--- Task material Enclosed Below ---
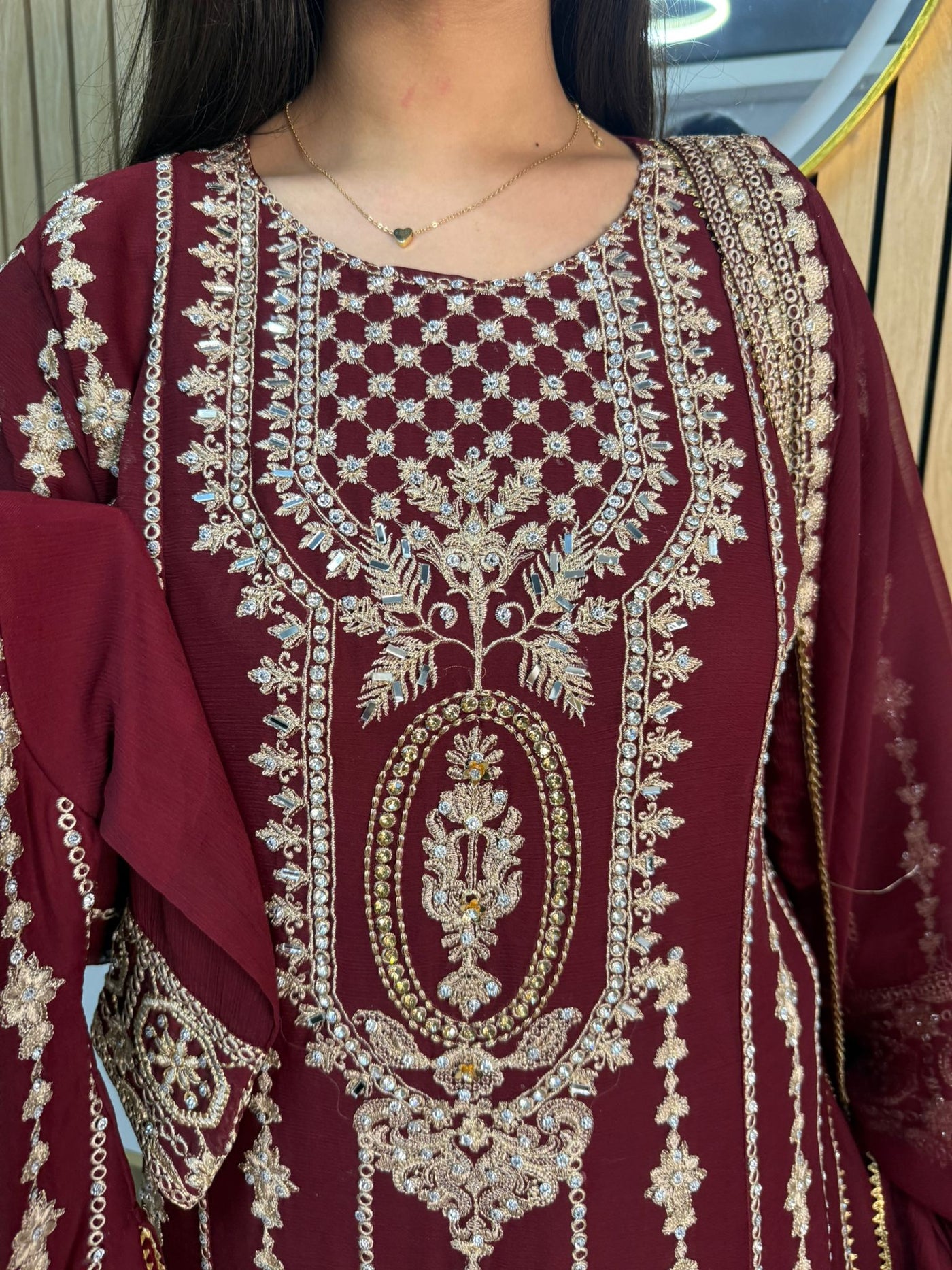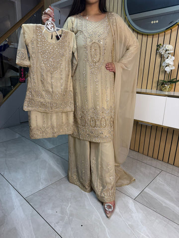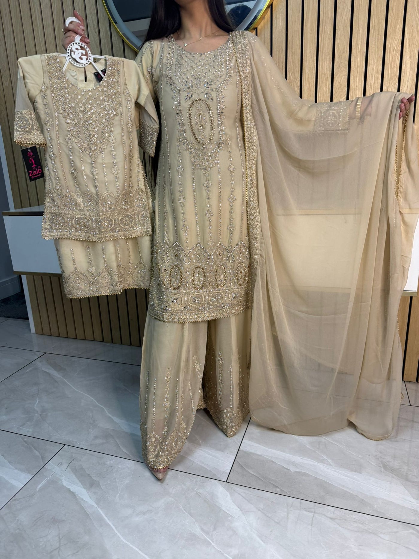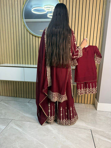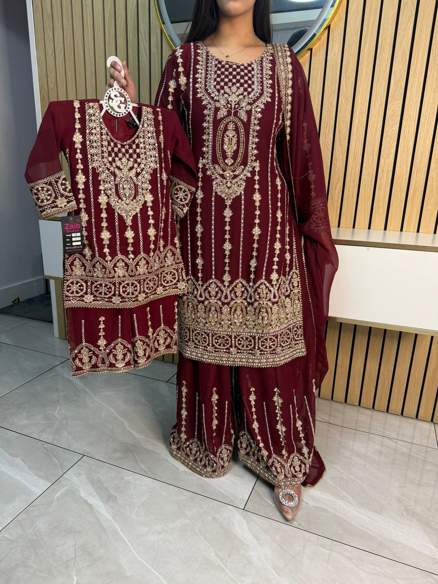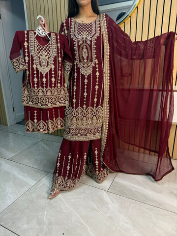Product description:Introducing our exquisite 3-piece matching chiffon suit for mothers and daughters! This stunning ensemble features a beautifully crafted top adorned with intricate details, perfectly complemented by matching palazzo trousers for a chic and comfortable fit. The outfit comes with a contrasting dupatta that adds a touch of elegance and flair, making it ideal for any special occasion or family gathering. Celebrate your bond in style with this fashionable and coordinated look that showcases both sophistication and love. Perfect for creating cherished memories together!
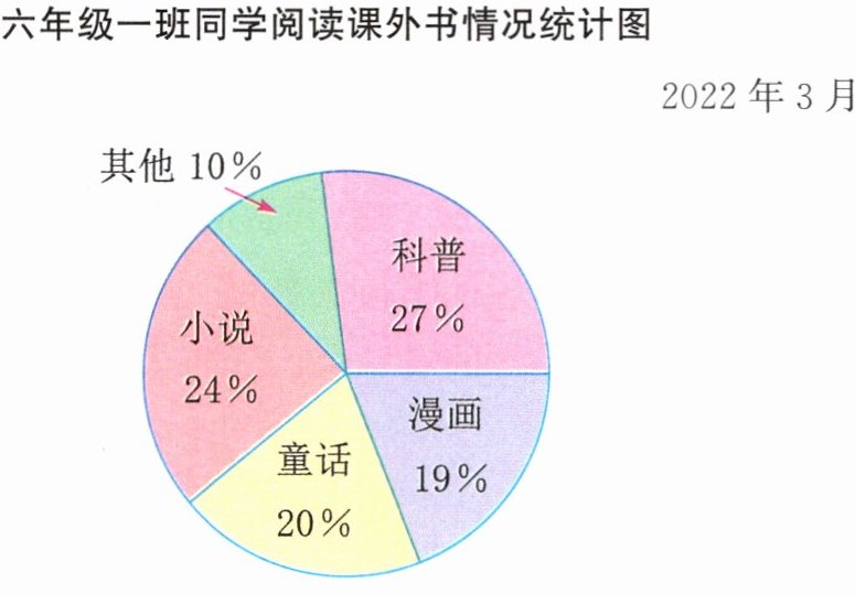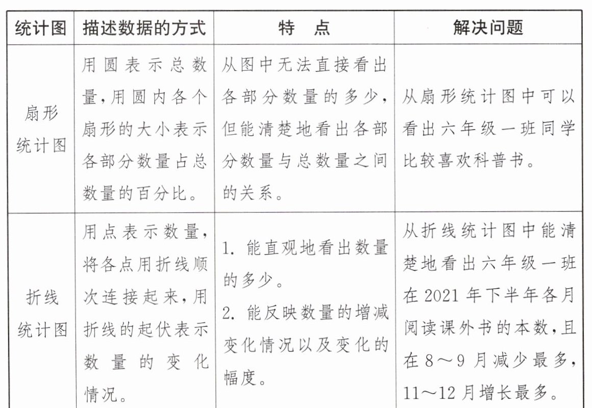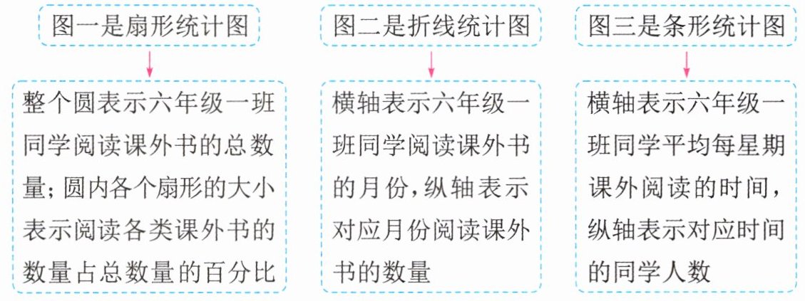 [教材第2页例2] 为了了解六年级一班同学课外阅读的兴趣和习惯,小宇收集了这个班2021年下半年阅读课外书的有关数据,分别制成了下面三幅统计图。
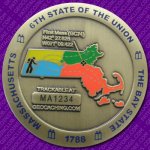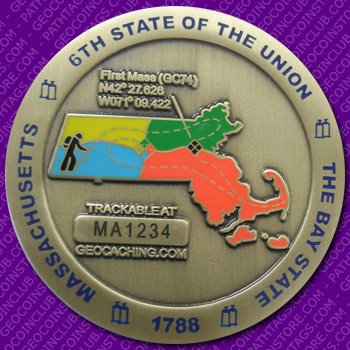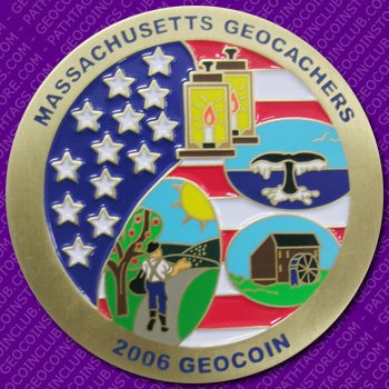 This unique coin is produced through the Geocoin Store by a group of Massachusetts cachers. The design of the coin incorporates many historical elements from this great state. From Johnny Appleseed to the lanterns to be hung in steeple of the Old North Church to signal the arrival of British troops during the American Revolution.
--- End of Enclosed Task material ---
--- Task material Enclosed Below ---
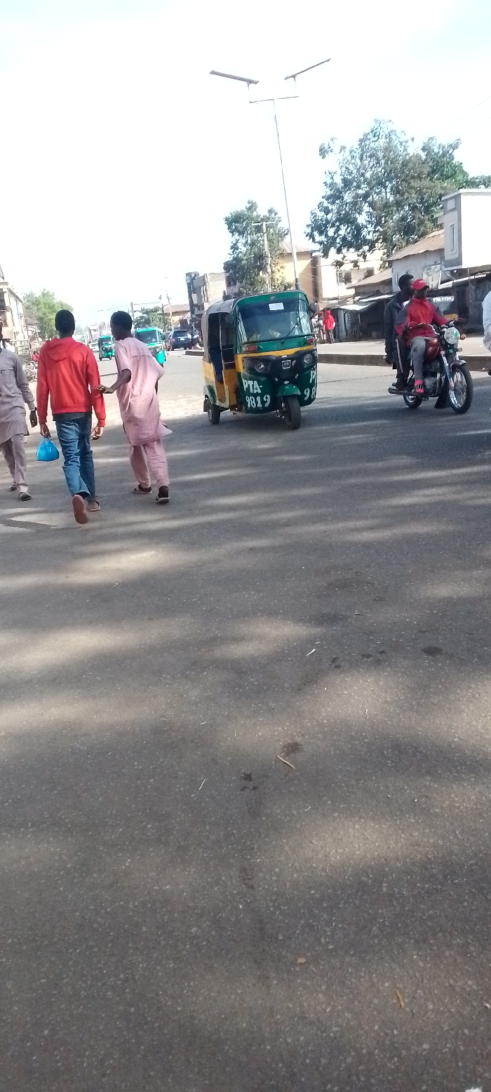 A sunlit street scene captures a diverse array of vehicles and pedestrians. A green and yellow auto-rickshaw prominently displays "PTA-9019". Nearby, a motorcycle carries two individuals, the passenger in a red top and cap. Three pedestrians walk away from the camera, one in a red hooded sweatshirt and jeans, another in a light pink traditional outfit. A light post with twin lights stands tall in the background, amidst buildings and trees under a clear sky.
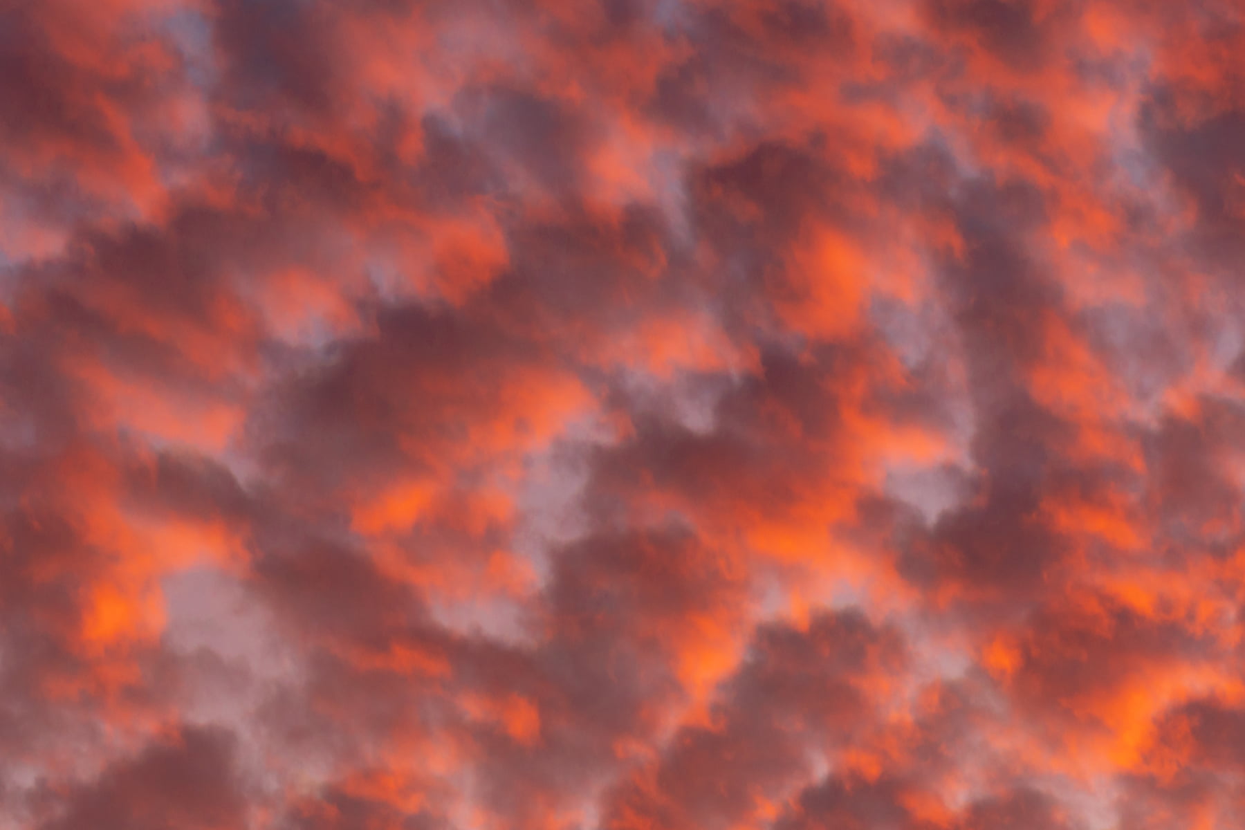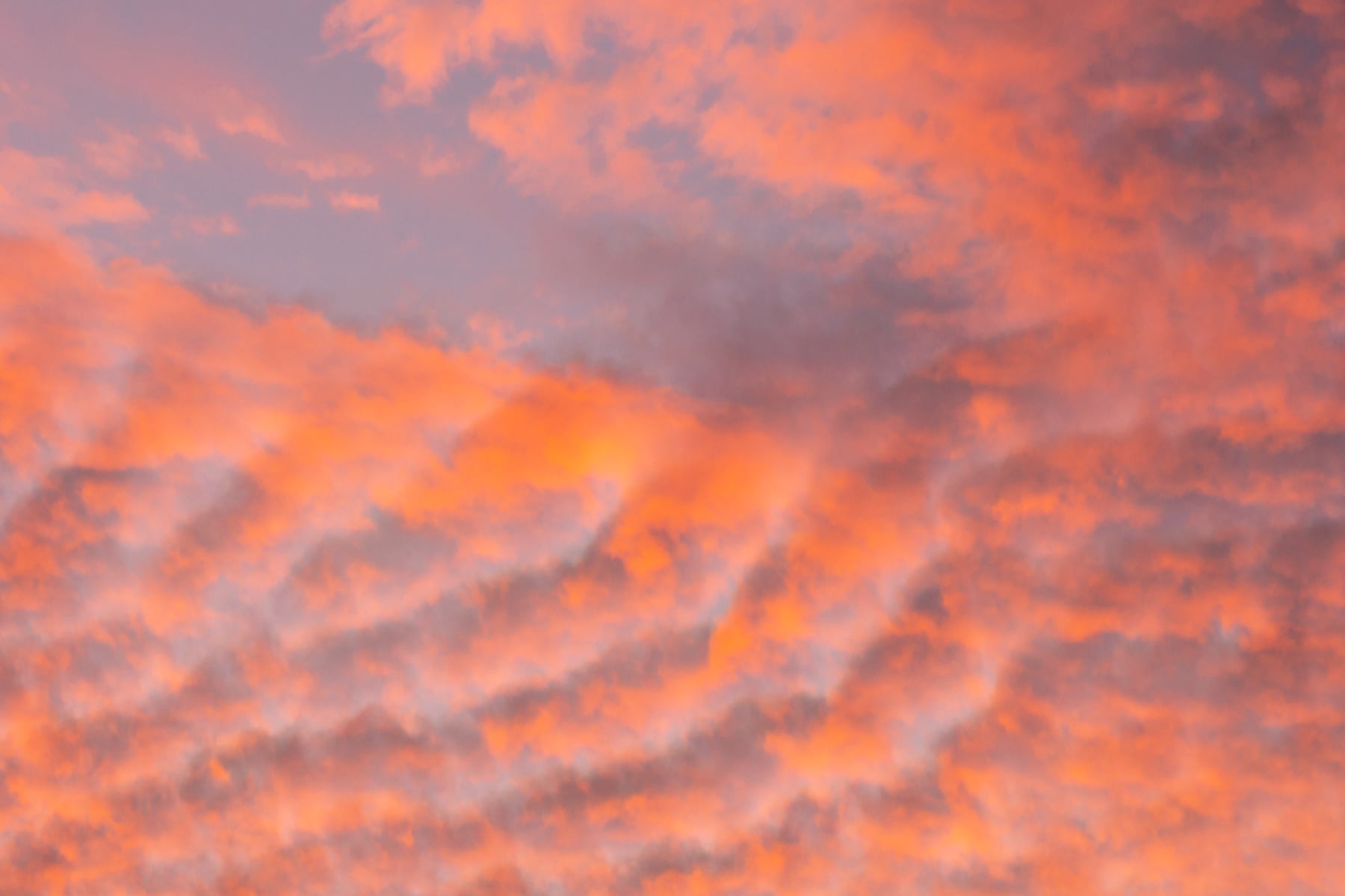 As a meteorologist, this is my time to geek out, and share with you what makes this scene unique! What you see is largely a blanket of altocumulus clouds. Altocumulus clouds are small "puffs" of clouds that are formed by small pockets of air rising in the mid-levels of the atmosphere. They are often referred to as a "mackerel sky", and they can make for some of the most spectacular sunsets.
--- End of Enclosed Task material ---
--- Task material Enclosed Below ---
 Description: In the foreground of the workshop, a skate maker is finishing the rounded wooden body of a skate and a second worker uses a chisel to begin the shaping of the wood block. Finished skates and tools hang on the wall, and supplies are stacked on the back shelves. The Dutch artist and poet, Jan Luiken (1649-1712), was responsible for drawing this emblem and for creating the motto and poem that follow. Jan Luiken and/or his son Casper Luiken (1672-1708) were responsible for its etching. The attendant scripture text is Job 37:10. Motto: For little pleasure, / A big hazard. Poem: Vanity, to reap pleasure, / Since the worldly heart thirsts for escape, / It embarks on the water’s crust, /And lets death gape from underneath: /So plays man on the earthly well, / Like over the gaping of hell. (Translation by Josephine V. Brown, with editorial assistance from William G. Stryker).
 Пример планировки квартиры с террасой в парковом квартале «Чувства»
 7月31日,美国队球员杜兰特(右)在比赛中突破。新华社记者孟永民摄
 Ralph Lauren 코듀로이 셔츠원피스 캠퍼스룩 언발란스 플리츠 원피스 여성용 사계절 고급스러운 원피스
--- End of Enclosed Task material ---
**Activity**
Exact copy, pictures excluded: from the line with "Product description:Introducing our" up to and including the line with "This unique coin" in the data above.

**Response below**
Product description:Introducing our exquisite 3-piece matching chiffon suit for mothers and daughters! This stunning ensemble features a beautifully crafted top adorned with intricate details, perfectly complemented by matching palazzo trousers for a chic and comfortable fit. The outfit comes with a contrasting dupatta that adds a touch of elegance and flair, making it ideal for any special occasion or family gathering. Celebrate your bond in style with this fashionable and coordinated look that showcases both sophistication and love. Perfect for creating cherished memories together!
 [教材第2页例2] 为了了解六年级一班同学课外阅读的兴趣和习惯,小宇收集了这个班2021年下半年阅读课外书的有关数据,分别制成了下面三幅统计图。
 This unique coin is produced through the Geocoin Store by a group of Massachusetts cachers. The design of the coin incorporates many historical elements from this great state. From Johnny Appleseed to the lanterns to be hung in steeple of the Old North Church to signal the arrival of British troops during the American Revolution.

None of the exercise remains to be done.